I/O が完了したら I/O completion packet (以下 completion packet) が completion port に紐づく queue に FIFO で詰められる。
GetQueuedCompletionStatus() で completion port に completion packet が流れてくるのを待機。
- この時 GetQueuedCompletionStatus() で completion packet が流れてくるまでは、OS が GetQueuedCompletionStatus() を呼び出したスレッドをブロック。
- 1つの completion port に対して、複数のスレッドから GetQueuedCompletionStatus() を呼び出す事で並列に待機可能。
completion port に completion packet が流れてきたら、GetQueuedCompletionStatus() でブロックしていたスレッドを解放。
- ブロックしていたスレッドの解放は LIFO。
  - ようするに GetQueuedCompletionStatus() したスレッドが複数ある場合、最も直近に待機に入ったスレッドで(LIFO)、最も古い completion packet を受け取る(FIFO)。
  - completion packet が複数同時に流れてきた際、どれだけのスレッドを同時に解放するかなども設定できる。
    - この値は NumberOfConcurrentThreads というパラメータ名 completion port 作成時に設定する。
    - NumberOfConcurrentThreads はコンカレンシー値などと呼ばれる。

C# / .NET 上での非同期 IO の仕組み

さて、I/O completion port がどのように C# / .NET の世界で取り扱われているかを見ていきましょう。なお、.NET runtime は色々設定いれる事で挙動を変えられるようになっているのですが、ここでは .NET runtime は既定の構成である事を前提として読み進めていきます。

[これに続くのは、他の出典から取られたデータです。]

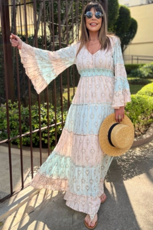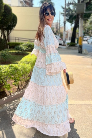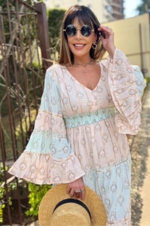 Vestido boho confeccionado em voil de viscose, decote V com fechamento por botões, mangas tipo flare, aplicação de lastex na cintura e estampa exclusiva.
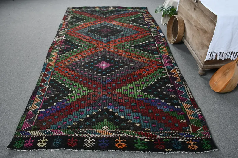5.4x10 ft Rug, Vibrant Orange & Green Striped Rug

コード的には System/Threading/PortableThreadPool.cs 及び System/Threading/PortableThreadPool.IO.Windows.cs あたりから見ていきます。

まず PortableThreadPool のコンストラクタから眺めていきます。すると InitializeIOOnWindows() なる関数を呼び出している事が確認できます。 InitializeIOOnWindows() の実装は以下のようになっています。

// https://github.com/dotnet/runtime/blob/v9.0.0/src/libraries/System.Private.CoreLib/src/System/Threading/PortableThreadPool.IO.Windows.cs#L78-L86
internal sealed partial class PortableThreadPool
{
    private void InitializeIOOnWindows()
    {
        int numConcurrentThreads = IOCompletionPollerCount / IOCompletionPortCount;
        for (int i = 0; i < IOCompletionPortCount; i++)
        {
            _ioPorts[i] = CreateIOCompletionPort(numConcurrentThreads);
        }
    }
}

CreateIOCompletionPort() が呼び出されていますね...! ここで気になるのは、IOCompletionPortCount と IOCompletionPollerCount が幾つに設定されているのかという事。それぞれの定義は以下のようになっています。

// https://github.com/dotnet/runtime/blob/v9.0.0/src/libraries/System.Private.CoreLib/src/System/Threading/PortableThreadPool.cs#L53-L54
internal sealed partial class PortableThreadPool
{
    private static readonly short IOCompletionPortCount = DetermineIOCompletionPortCount();
    private static readonly int IOCompletionPollerCount = DetermineIOCompletionPollerCount();
}

DetermineIOCompletionPortCount() と DetermineIOCompletionPollerCount() を読まないと具体的にどのような値が設定されるのか分からないので、どんどん読み進めていきます。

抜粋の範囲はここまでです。